## WHAT IS BEING ASKED
Pictures stay out; print the rest of the listing below exactly as it stands.

## INPUT DATA

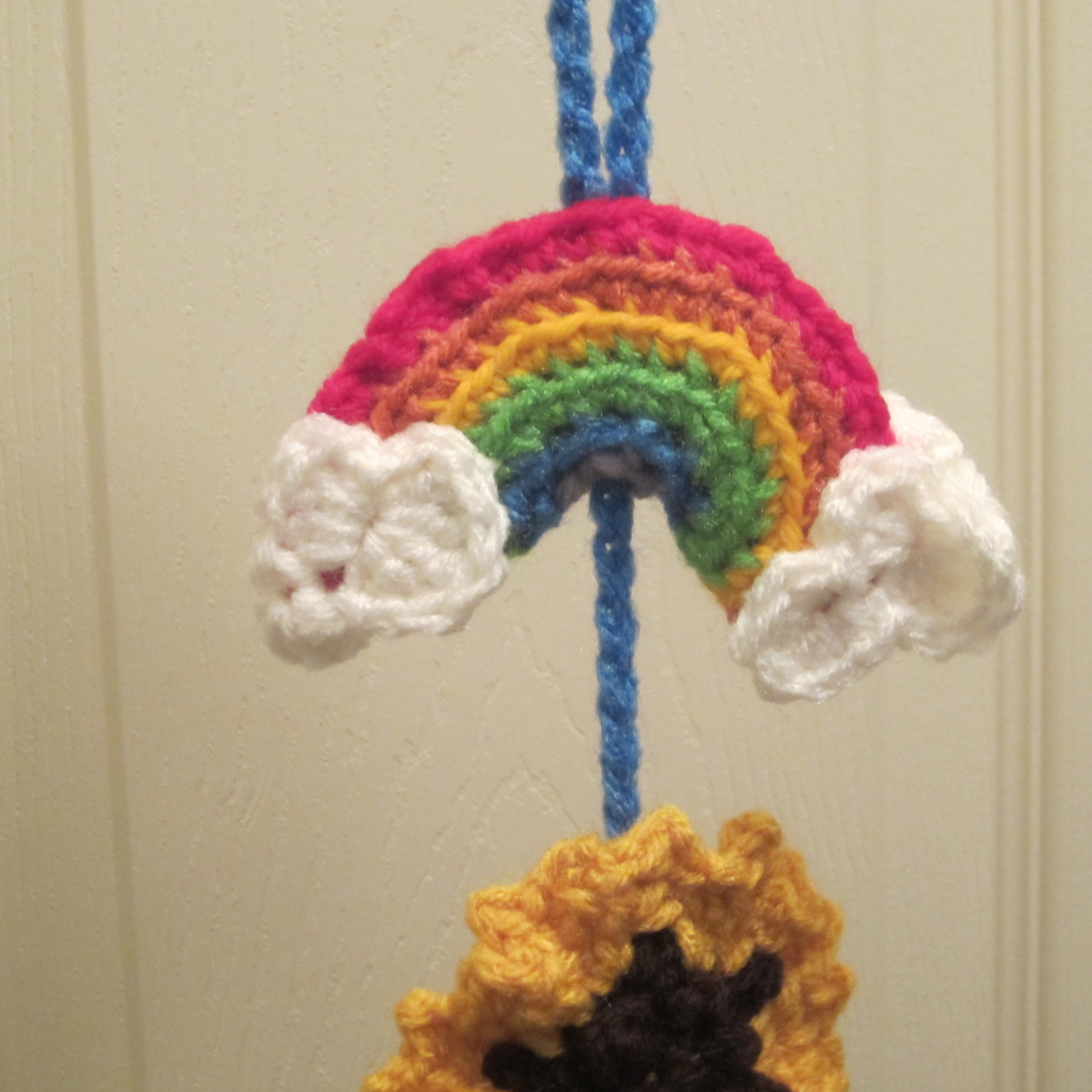 Rnd 6: Ch 1, (sc in next 6 ss, 2sc) around. Jn with a sl st in first sc. Fasten off leaving a tail long enough to sew rainbow together around the edges when you fold it in half. Feed the handle through the center of the rainbow, then fold it in half and sew it in place
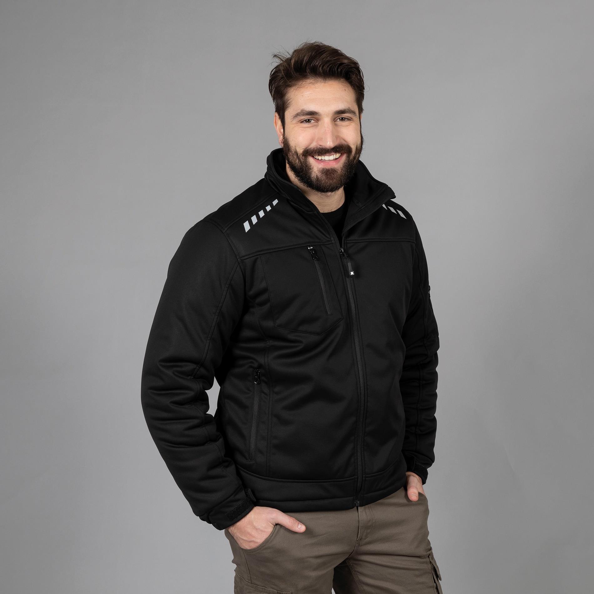 Giubbino da lavoro in soft shell a 3 strati impermeabile e imbottito realizzato in materiale 100% poliestere.
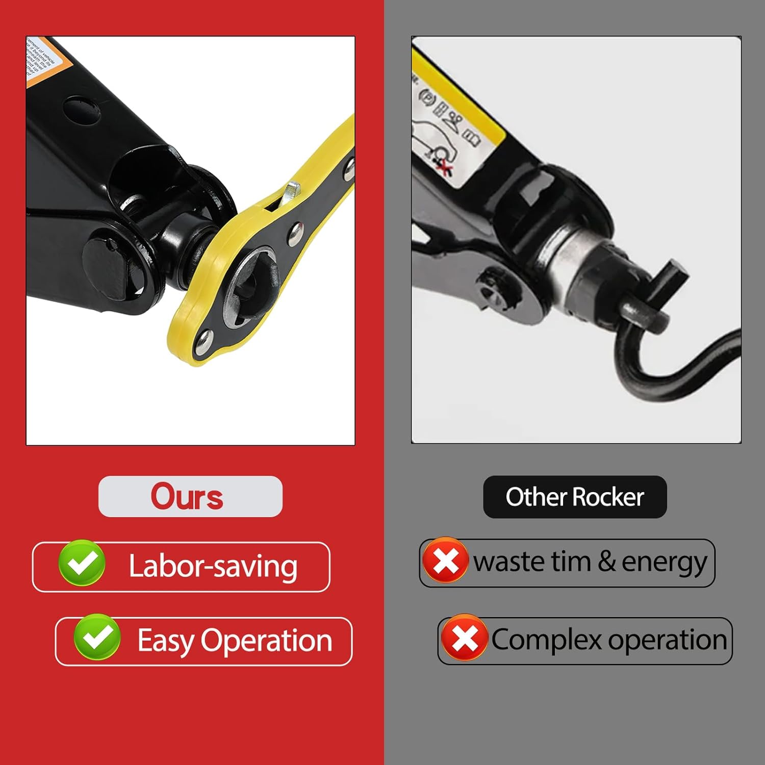 - 3.ćEasy to UsećThe scissor jacks have a simple and easy-to-operate design, while the lug wrench and tire changing kit are designed to provide a comfortable grip and maximum leverage. For any emergency, this Car Jack Kit will help you change your tire fast and easy,quick jack car lift

## REPLY
 Rnd 6: Ch 1, (sc in next 6 ss, 2sc) around. Jn with a sl st in first sc. Fasten off leaving a tail long enough to sew rainbow together around the edges when you fold it in half. Feed the handle through the center of the rainbow, then fold it in half and sew it in place
 Giubbino da lavoro in soft shell a 3 strati impermeabile e imbottito realizzato in materiale 100% poliestere.
 - 3.ćEasy to UsećThe scissor jacks have a simple and easy-to-operate design, while the lug wrench and tire changing kit are designed to provide a comfortable grip and maximum leverage. For any emergency, this Car Jack Kit will help you change your tire fast and easy,quick jack car lift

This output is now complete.